I awoke before dawn, when it was still completely dark. My neck had gone stiff from sleeping in an uncomfortable position. The Dog was standing by my headrest, insistently staring at me, and pitifully whining. Groaning, I got up to let her out – all that milk she had drunk was finally in need of an outlet. A gust of damp, cold air that smelled of earth and putrefaction blew in through the open door – as if from the grave. The Dog ran outside like a shot and had a pee, comically raising her back leg in the air, as if she couldn’t decide if she were a Dog or a Bitch. Then she glanced at me sorrowfully – I can boldly say that she looked me deep in the eyes – and raced off towards Big Foot’s house.

And so she went back to her Prison.

That was the last I’d seen of her. I’d called her, annoyed at letting myself be led up the garden path so easily, and helpless in the face of the sinister workings of bondage. I’d started to put on my boots, but that terrible grey morning alarmed me. Sometimes I feel as if we’re living inside a tomb, a large, spacious one for lots of people. I looked at the world wreathed in grey Murk, cold and nasty. The prison is not outside, but inside each of us. Perhaps we simply don’t know how to live without it.

A few days later, before the heavy snow fell, I saw a police car outside Big Foot’s house. I admit that I was pleased to see it.
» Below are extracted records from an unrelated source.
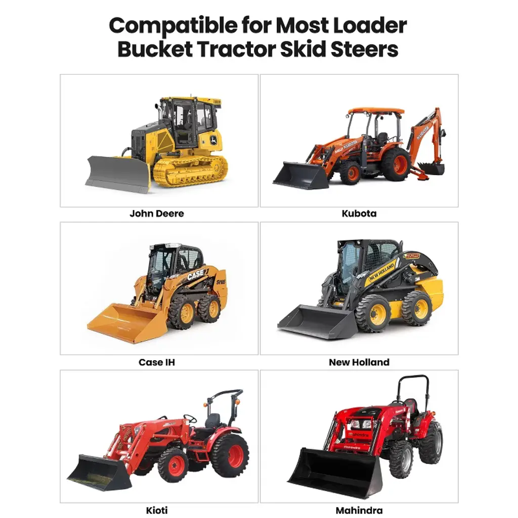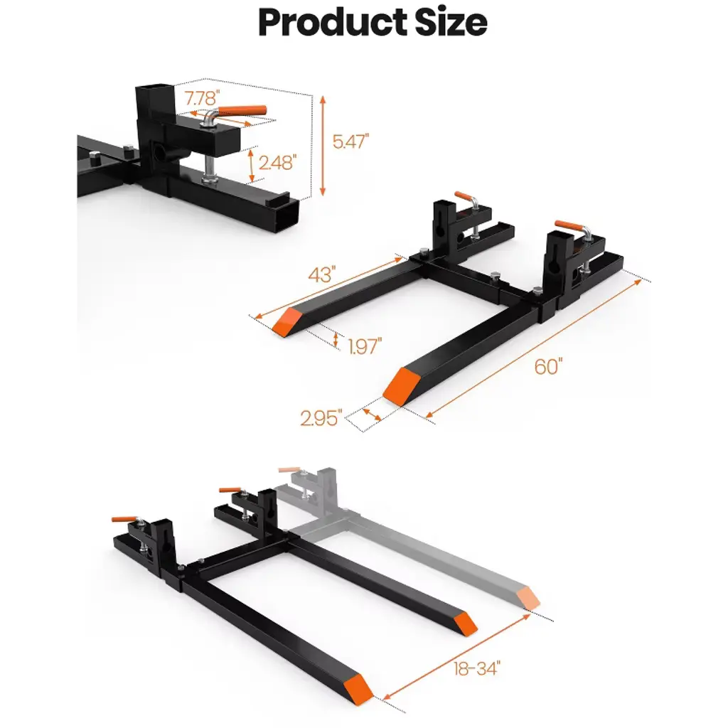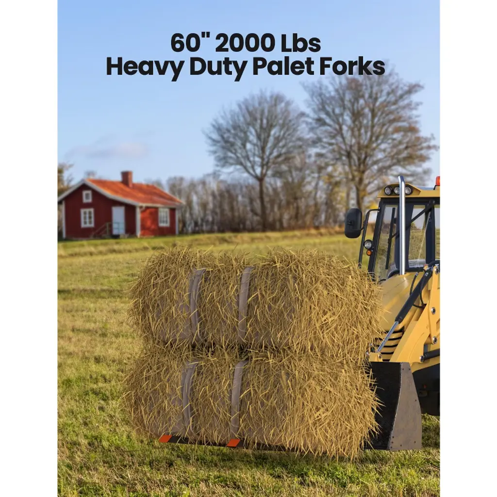 Upgrade your tractor's versatility with these professional-grade clamp-on pallet forks, available in two size and capacity configurations. The 47" model handles up to 2000lbs, while the 60" version manages 4000lb loads - both featuring an adjustable stabilizer bar for secure material handling. Constructed from reinforced high-tensile steel, these forks bolt directly to your existing bucket without welding. The universal design fits most tractor loaders and skid steers, transforming your equipment for multiple farming and landscaping tasks.
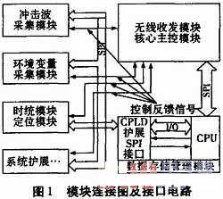 為了滿足系統(tǒng)測試任務(wù),無線傳感器節(jié)點采用模塊化設(shè)計,各功能模塊通過SPI接口鏈接。由于系統(tǒng)功能要求,使一個模塊與多個模塊鏈接通信,其接口電路SPI工作在不同的主從機模式,使用單一SPI接口主從切換,勢必降低模塊間通信速度與靈活性。依據(jù)可編程邏輯器件CPLD有其編程靈活、易擴展性,在模塊內(nèi)部擴展專用SPI接口,試驗證明SPI接口電路設(shè)計,有簡化模塊間連接、提高通信速度、系統(tǒng)擴展性強,以及提高系統(tǒng)整體性能的特點。
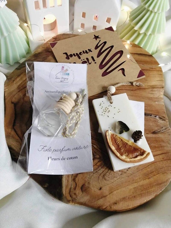 • Fiole de Parfum Voiture “Fleurs de Coton” : Offrez à vos proches une expérience olfactive unique lors de leurs trajets en voiture. Laissez le parfum doux et rafraîchissant des fleurs de coton envelopper l’intérieur de leur véhicule, créant ainsi une atmosphère apaisante.
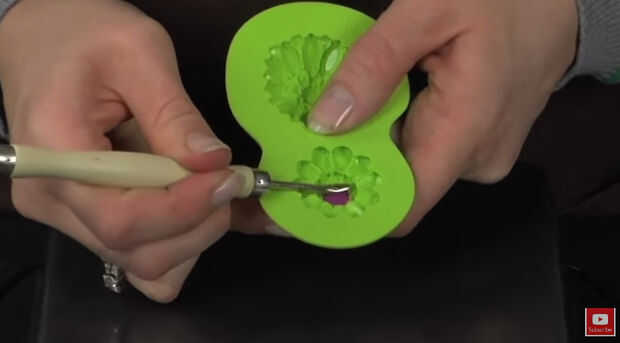 Con la herramienta de arcilla, paquete de la arcilla hacia abajo y empuje firmemente en los bordes del molde para que la arcilla llena completamente el contorno de la primera piedra preciosa. Una vez que la arcilla está embalada hacia abajo, puede que necesite añadir un poco más para nivelar la arcilla con el contorno de la piedra preciosa.
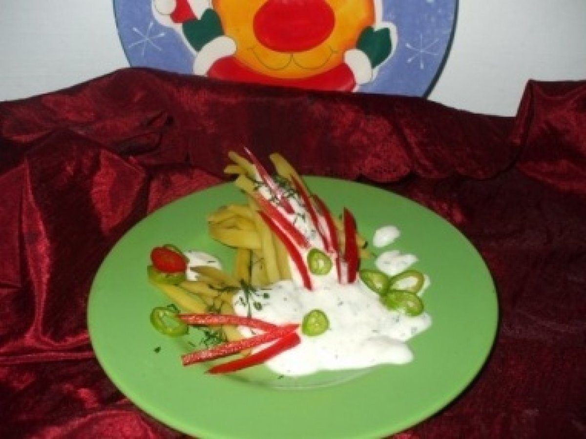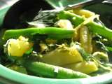 Fasole verde cu sos de usturoi PrecedentulUrmătorul Felul principalFoarte ușor55 min Trimite unui prieten Printează pagina Adresează o întrebare autorului Postează o poză cu rețeta gătită de tine Ingrediente 4 1 kg fasole verde cat mai tanara pentru sosul de usturoi: 1 capatana usturoi 3-4 linguri ulei 1 varf de cutit bicarbonat de sodiu 1 lingura otet (zeama de lamaie) 2-3 linguri smantana sau iaurt 1 lingurita marar sau patrunjel tocat sare, piper alb
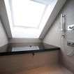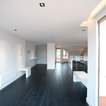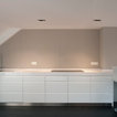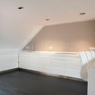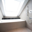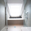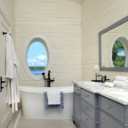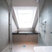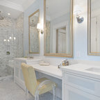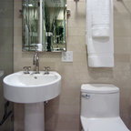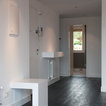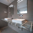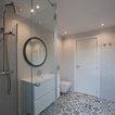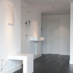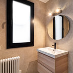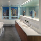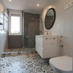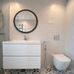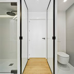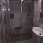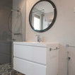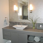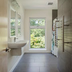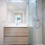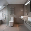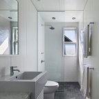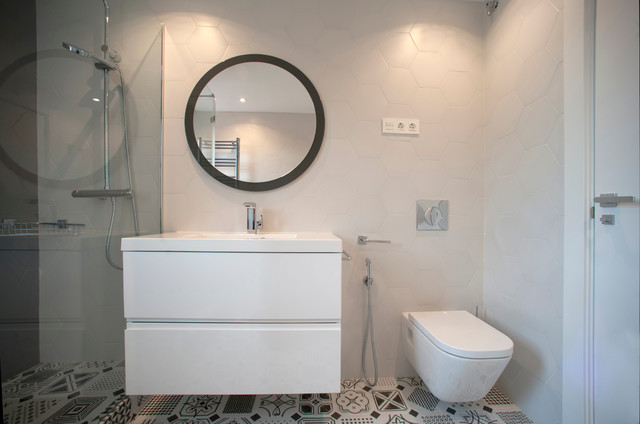 Ispirazione per una stanza da bagno con doccia moderna di medie dimensioni con ante lisce, ante bianche, doccia ad angolo, WC sospeso, pareti grigie, pavimento con piastrelle in ceramica e lavabo integrato — Houzz
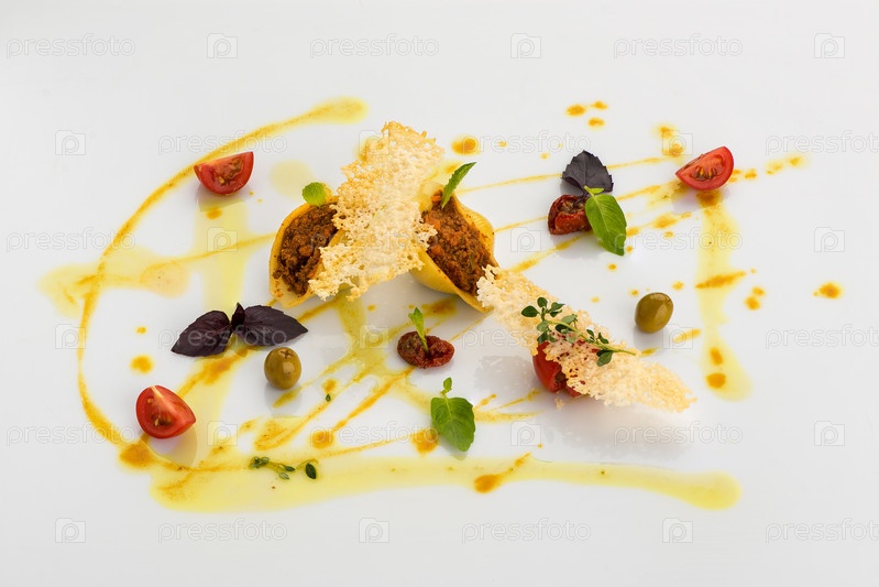 Декоративно украшенная еда на белом

Yes, I had the satisfaction of knowing that the Police had finally called on him. I played two games of patience, both of which came out right. I imagined they’d arrest him, bring him out in handcuffs, confiscate his supplies of wire and take away his saw (this particular Tool should require the same sort of permit as a gun, for it wreaks Havoc among the plants). But the car drove away without Big Foot, Dusk fell rapidly and the snow began to fall. Locked up again, the Dog howled all evening. Next morning, the first thing I saw on the beautiful, spotless white ground, were Big Foot’s unsteady footprints and yellow trails of urine around my silver Spruce. All this came back to me while we were sitting in Oddball’s kitchen. And my Little Girls.

As he listened to my story, Oddball made soft-boiled eggs, which he served in china eggcups.
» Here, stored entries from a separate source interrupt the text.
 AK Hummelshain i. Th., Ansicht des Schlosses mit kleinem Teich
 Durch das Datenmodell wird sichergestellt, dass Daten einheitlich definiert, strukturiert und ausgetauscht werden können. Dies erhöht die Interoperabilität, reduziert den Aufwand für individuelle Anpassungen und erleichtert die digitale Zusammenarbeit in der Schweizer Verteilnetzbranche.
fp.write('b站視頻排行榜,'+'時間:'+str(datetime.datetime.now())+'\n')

‘I don’t share your trust in the authorities,’ he said. ‘One has to do everything oneself.’

I’m not sure what exactly he meant by this.

III

PERPETUAL LIGHT

Whate’er is Born of Mortal Birth
Must be consumed with the Earth.

When I came home, it was already light and I was entirely off my guard, because once again I imagined I could hear the patter of my Little Girls on the hall floor, that I’d see their enquiring gazes, their furrowed brows, their smiles. And at once my body was gearing up for the welcoming rituals, for affection.

But the house was deserted. Winter whiteness was pouring through the windows in soft waves, and the vast open space of the Plateau was insistently pushing its way inside. I stored the Deer’s head in the garage, where it was cold, and topped up the wood-burning stove. I went to bed in my clothes, and slept like the dead.

‘Mrs Duszejko, Janina.’

And after a pause, again, louder: ‘Mrs Duszejko, Janina, Janina.’